** Exercise description **
Retype only what runs from the beginning of the data through the line with "Figur 3 Översiktlig"; please omit the pictures and keep every line exact.

** The data **
☆ ☆ ☆ ☆ ☆ ☆ ☆
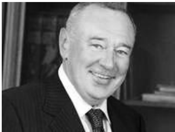
Чуб Владимир Федорович , губернатор Ростовской области

Трансформации, которые перенесло Донское казачье войско в предшествующие времена, содействовали тому, что на территории области войска оставалось, по приблизительным данным, около 100 тыс. казаков. В конце 1980-х гг. на территории войска развернулось движение за возрождение казачества. Верхушка казачества Дона оставалась приверженцем создания на территории Ростовской области казачьей республики. В период до 1996 г. действовала организация – Союз казаков Области Войска Донского.
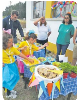
Celebração dos Santos Populares
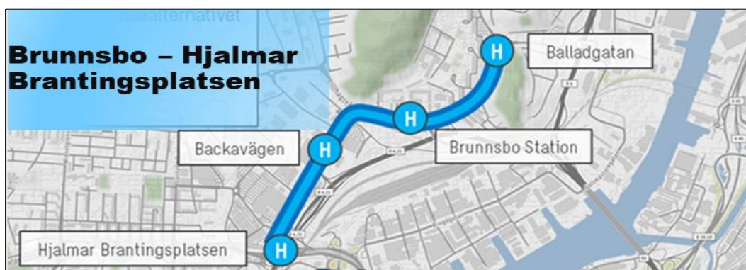
Figur 3 Översiktlig dragning med föreslagna hållplatser

Konceptet citybuss sammanfattas i Målbild Koll2035 som ”tänk spårvagn – kör buss”. Detta innebär att körvägar och linjenät ska vara stabila över tid precis som spårvagnsnätet och att den upplevda kvaliteten ska vara densamma. Det betyder att överallt där framkomlighet och komfort så kräver och det är möjligt, ska det finnas egna körbanor 2 .
☆ ☆ ☆ ☆ ☆ ☆ ☆
** Solution to the problem **
Чуб Владимир Федорович , губернатор Ростовской области

Трансформации, которые перенесло Донское казачье войско в предшествующие времена, содействовали тому, что на территории области войска оставалось, по приблизительным данным, около 100 тыс. казаков. В конце 1980-х гг. на территории войска развернулось движение за возрождение казачества. Верхушка казачества Дона оставалась приверженцем создания на территории Ростовской области казачьей республики. В период до 1996 г. действовала организация – Союз казаков Области Войска Донского.
Celebração dos Santos Populares
Figur 3 Översiktlig dragning med föreslagna hållplatser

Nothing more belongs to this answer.